Any tips on bridesmaid dress shopping with out of town bridesmaids?
Post # 4
If you do some reading here, you’ll see where women asked their bridesmaids more than a year out, and regretted it. It’s easy to do because you’re so excited and want to give them time to save if necessary, but things change in a year
My recommendation would be to confirm your venue and location. That way, when you ask your party, you’ll have an idea of what theyll need to do in terms of dress and travel. You’ll also have a better idea of your budget and if you can assist with rooms or dresses.
As far as dresses and Out of Town maids, I’m picking a brand and a color/fabric, and they can coordinate their fittings, etc. on their own.
Post # 5
I have 6 BMs, 4 of whom are out of state, including both of my MOHs. I asked my MOHs to try on some dresses without me and to send pictures of their favorites. I then sent the pictures to my other bridesmaids and asked their opinions; choosing a dress that I like, thought was flattering, and that they all placed at the top of their lists. I went with the local BMs to try the dress on and to see the colors in person and it worked out fantastically! You definitely don’t need all of your BMs to be there at the same time. I’ve actually shopped on my own or with 2 BMs tops in other weddings I’ve been in; never have we had the whole bridal party there.

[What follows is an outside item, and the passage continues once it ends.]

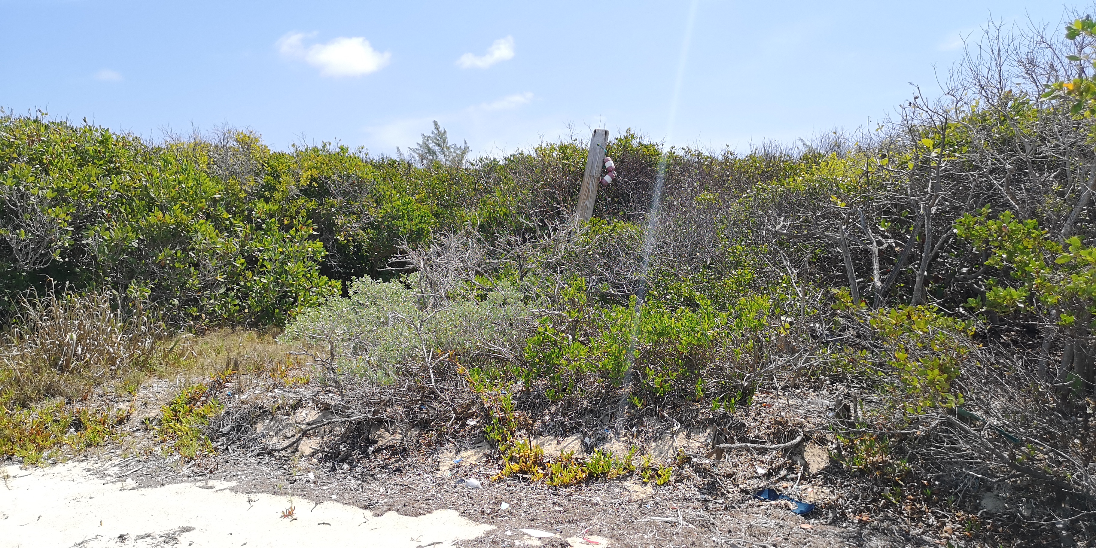 Trailmarker. Treibgut wird oft dazu verwendet, um die Wege zu markieren. Es sind Segler, wie wir auch, die dafür sorgen dass die Wege nicht völlig verwuchern. Für die Zukunft werde ich mir eine Machete besorgen und mitführen. Nur wenn alle mithelfen, kann es so bleiben

I also echo PP suggestions to wait to ask your BMs. I wanted to ask mine in person, so I started 12 months out and asked my last one (super busy BM!) recently (9 months out). I had a HUGE falling out with one of the girls that I had originally planned to ask when we got engaged last spring, and she’d been a close friend for nearly 15 years, so it definitely does not hurt to wait.
Post # 6
I was the out-of-town bridesmaid for a wedding two years ago. Ordering the dress was no problem- I called with my measurements, gave them my CC number, and that was that. Had my mom pick it up for me (the wedding was in my hometown), but the bride or another bridesmaid could have easily done it if my mom wasn’t free.
Granted, I didn’t get to see myself in the dress until about a month before the wedding (my mom had it shipped to me), but it wasn’t a big deal.

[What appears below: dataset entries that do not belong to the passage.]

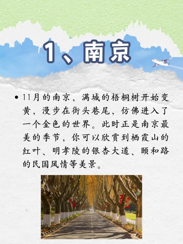 11月的南京,满城的梧桐树开始变黄,漫步在街头巷尾,仿佛进入了一个金色的世界。此时正是南京最美的季节,你可以欣赏到栖霞山的红叶、明孝陵的银杏大道、颐和路的民国风情等美景。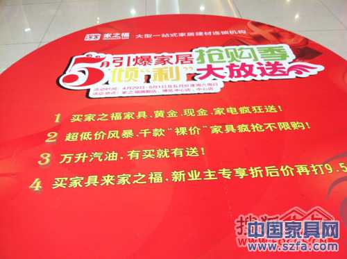 除了這兩家賣場以外,包括紅星美凱龍香蜜湖店,博耐家居等深圳多家賣場均在五一前夕就打出了“給力促銷”,“賣場家具節(jié)”等標語,成為節(jié)假日另外一道風景線。
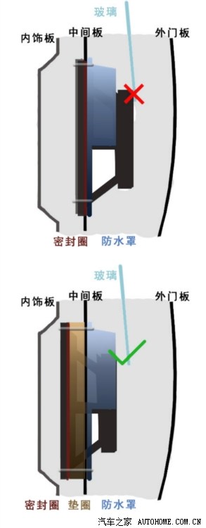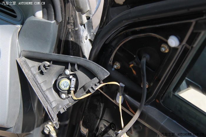 然后又开始挠头,高音的选位,高音比原厂的大,在原厂位不好安装,考虑到高音的指向性,还是安装在外面比较好,声音能出来,而且这样安装角度可以调整,这个位置也不碍事,用了一个螺丝固定住。总算结束了右前门的安装。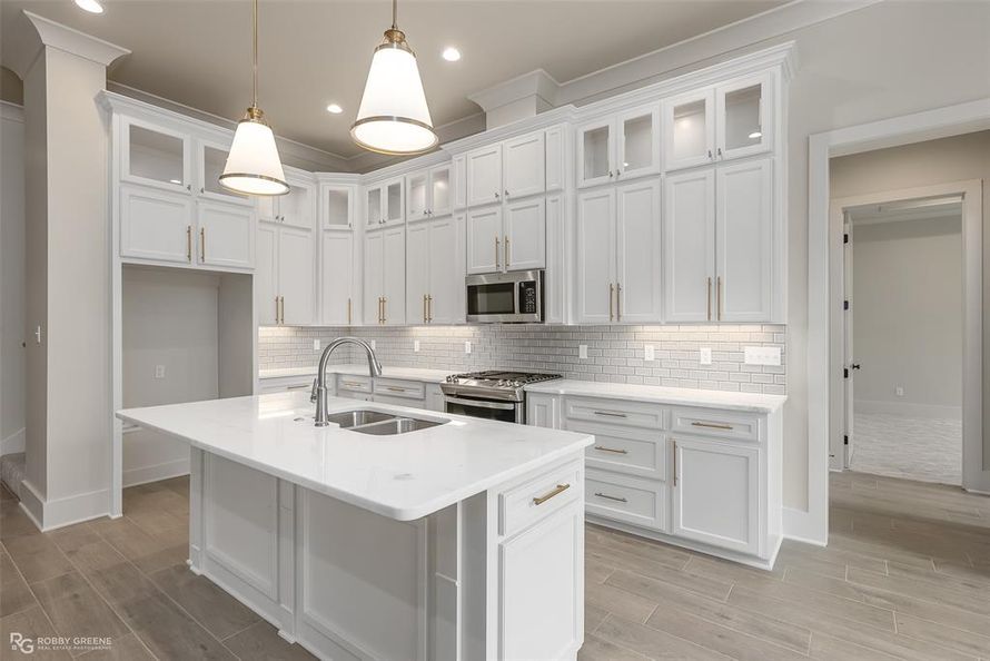 Stunning new construction home with great curb appeal - gated community - large open floorplan with abundant natural light throughout - spacious gourmet kitchen features modern fixtures, stainless appliances, custom cabinets, and lovely tile backsplash - custom details and neutral colors throughout...

Personally, I would wait until 8 months before the wedding to ask. As other folks have said, friendships change. I would weigh the odds that your relationship with one girl will change against the odds of picking a dress that doesn’t work for all of them and see which one would be worse for you.
Post # 7
I’be only been a Bridesmaid or Best Man once, and they had a 5 onth engagement… so we were asked quickly!

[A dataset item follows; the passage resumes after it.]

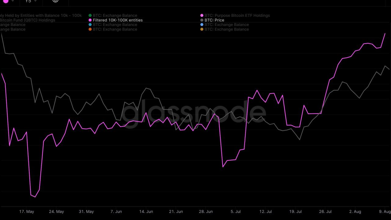 10,000-100,000 BTC 实体增长K线走势图。 资料来源:威廉克莱门特/推特

I asked my girls (our engagement was 8 months) just short of 2 months after we got engaged. I wanted to ask my sister in person and wasn’t seeing her until April; we got engaged in February. We saked the members of our bridal party (we only had 4 total) after that.
Post # 8
I’m not really sure how the whole buying bridesmaid dresses process works. Luckily, the girls I plan on asking are all from the town I live in and am getting married in so they will all be staying with their families. I feel kind of bad picking a dress and letting them all go out and figure it out on their own.
Post # 9
I asked my BMs about 6 months before our wedding. I would say it’s more about choosing carefully than an actual timeline. I had a bad feeling about 1 girl from day 1 but felt almost obligated to ask her. I ignored that feeling, and here we are 2 weeks before my wedding & my intuition was right. For dress ordering/alterations purposes, earlier is better. Just listen to your heart AND mind when making the decision of who you’ll choose.
Post # 10
We asked our bridal party when we had a date booked, so it was about 13 months before the wedding date. We are very fortunate in that everyone we have asked are quite laid back, don’t cause drama and are more than happy to go with the flow so we didn’t have any fears about issues arising.
Post # 11
I’ve asked my Maid/Matron of Honor & my other best friend to be a bridesmaid even though I’m not getting married until 2018. Fortunetly for me we have remained close friends even though I now live 500 miles away. They’ve been my best friends for the last 10 years with no issues. I’m really lucky though, not all friendships can stay as strong when you don’t get to see your friends as often due to work.
Post # 12
It’s not stressful or hard for your Out of Town girls. I’m an Out of Town bridesmaid who knows nothing about dress shopping and didn’t struggle, lol.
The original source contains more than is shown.